───── Input data ─────

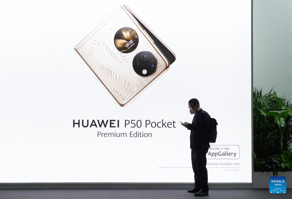 A man stands in front of a poster showing a Huawei's foldable cellphone during the Mobile World Congress (MWC) in Barcelona, Spain, on March 1, 2022. Around 50 Chinese companies, including Huawei, ZTE and Xiaomi, are present at the annual Mobile World Congress (MWC), which opened its doors here on Monday. (Photo by Gustavo Valiente/Xinhua)
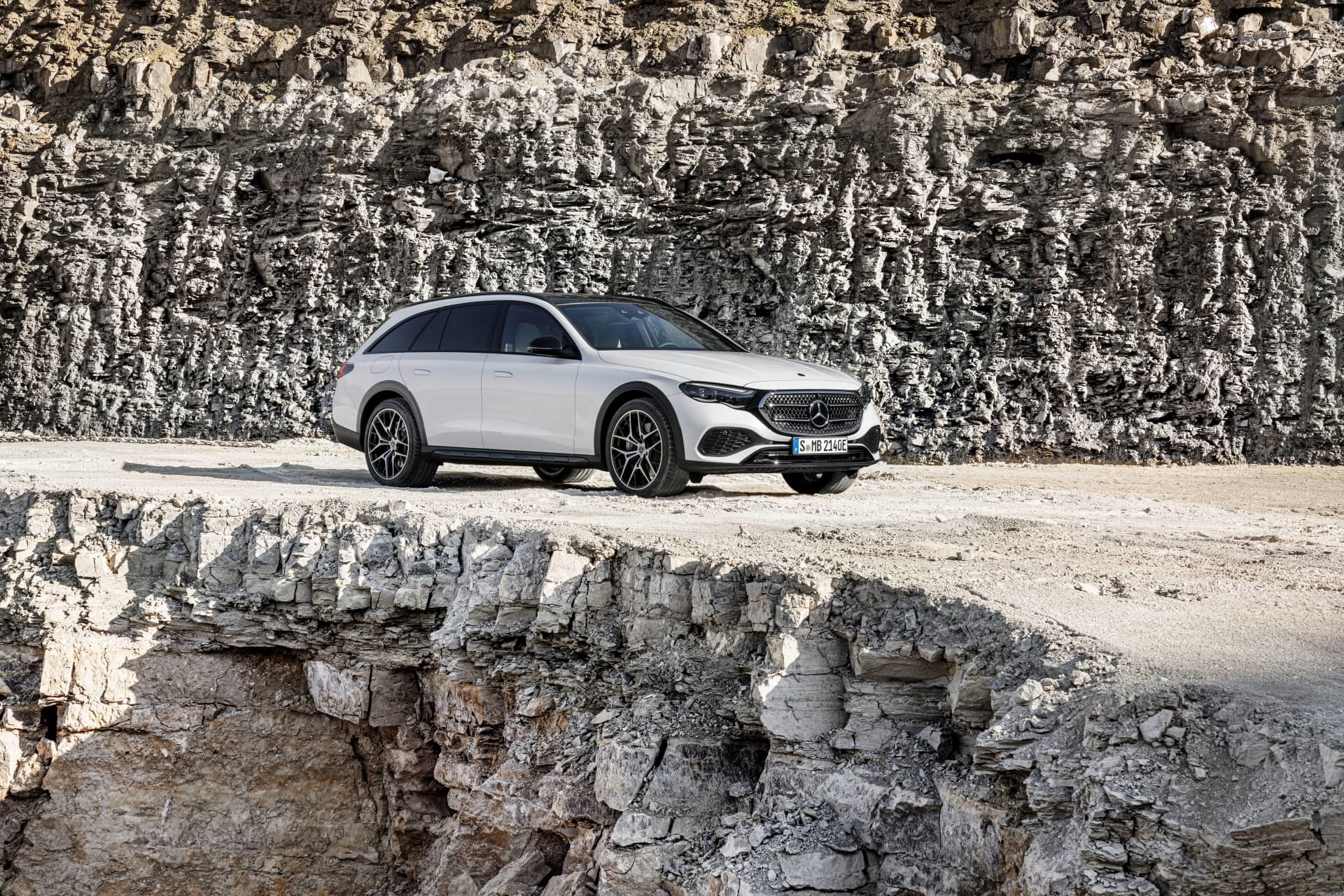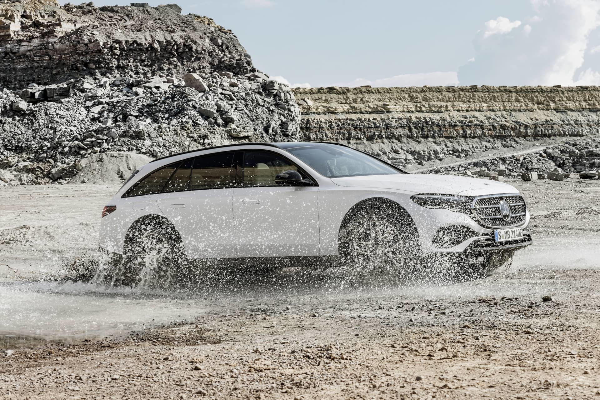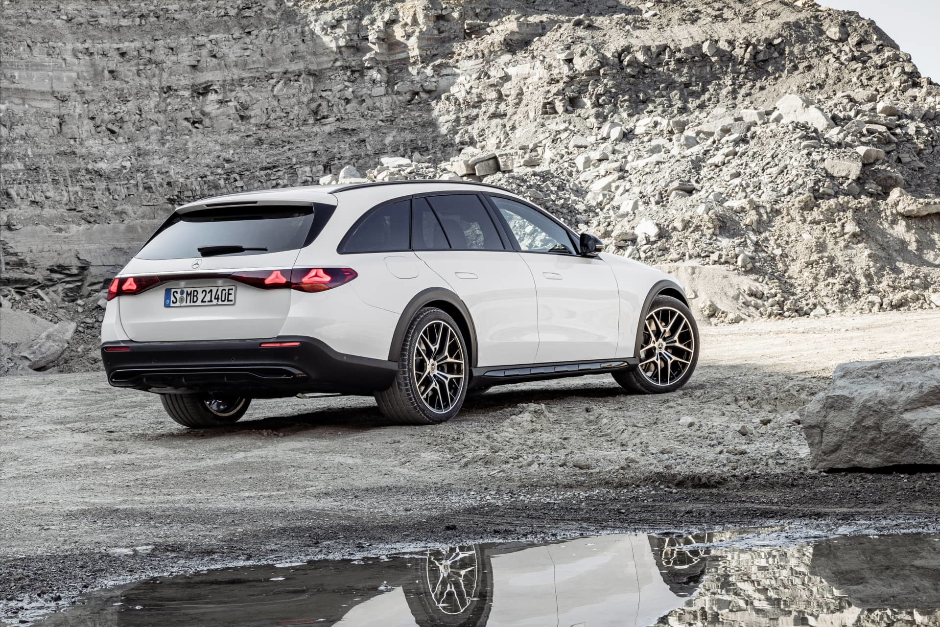 El Mercedes Clase E All Terrain está basado en el Mercedes Clase E Estate familiar, y está orientado a quienes buscan un término medio entre un familiar tradicional y un SUV. Sus pasos de rueda están forrados en plástico y además sus paragolpes son más grandes, imitando la presencia de un cubrecárter. Cuenta con suspensión neumática de serie, algo que le permite incrementar su altura libre al suelo en hasta 20 mm con respecto a su posición inical, logrando una altura libre al suelo de 15,6 cm, comparable a la de un SUV – y apoyada por un sistema 4MATIC de tracción total permanente.
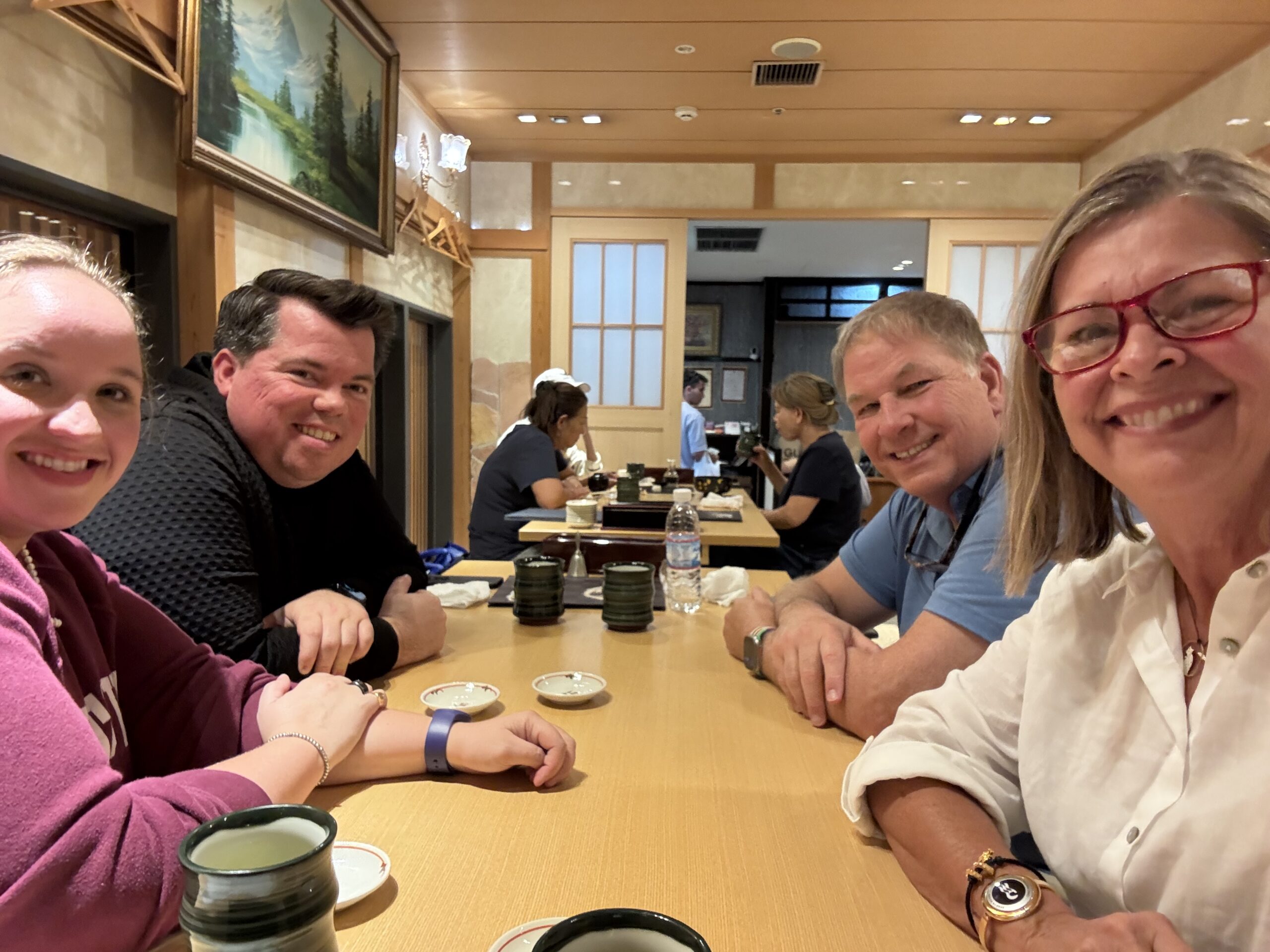 Shimizu has a population of 32K and is a suburb of Shizuoka (230K). Its main industries are agriculture (tea), tourism (Mt Fuji) and shipping. We were greeted at the pier by Local Travel Partners manager, Hirokane and then met Miyuki. She jumped with joy when she heard we were from Ohio. It turns out she studied English at Ohio Wesleyan University, just a short 30-minute drive from our home.

─────

◆ **Assigned task**
Reproduce the listing above exactly, excluding all pictures.

◆ **Result of the task**
 A man stands in front of a poster showing a Huawei's foldable cellphone during the Mobile World Congress (MWC) in Barcelona, Spain, on March 1, 2022. Around 50 Chinese companies, including Huawei, ZTE and Xiaomi, are present at the annual Mobile World Congress (MWC), which opened its doors here on Monday. (Photo by Gustavo Valiente/Xinhua)
 El Mercedes Clase E All Terrain está basado en el Mercedes Clase E Estate familiar, y está orientado a quienes buscan un término medio entre un familiar tradicional y un SUV. Sus pasos de rueda están forrados en plástico y además sus paragolpes son más grandes, imitando la presencia de un cubrecárter. Cuenta con suspensión neumática de serie, algo que le permite incrementar su altura libre al suelo en hasta 20 mm con respecto a su posición inical, logrando una altura libre al suelo de 15,6 cm, comparable a la de un SUV – y apoyada por un sistema 4MATIC de tracción total permanente.
 Shimizu has a population of 32K and is a suburb of Shizuoka (230K). Its main industries are agriculture (tea), tourism (Mt Fuji) and shipping. We were greeted at the pier by Local Travel Partners manager, Hirokane and then met Miyuki. She jumped with joy when she heard we were from Ohio. It turns out she studied English at Ohio Wesleyan University, just a short 30-minute drive from our home.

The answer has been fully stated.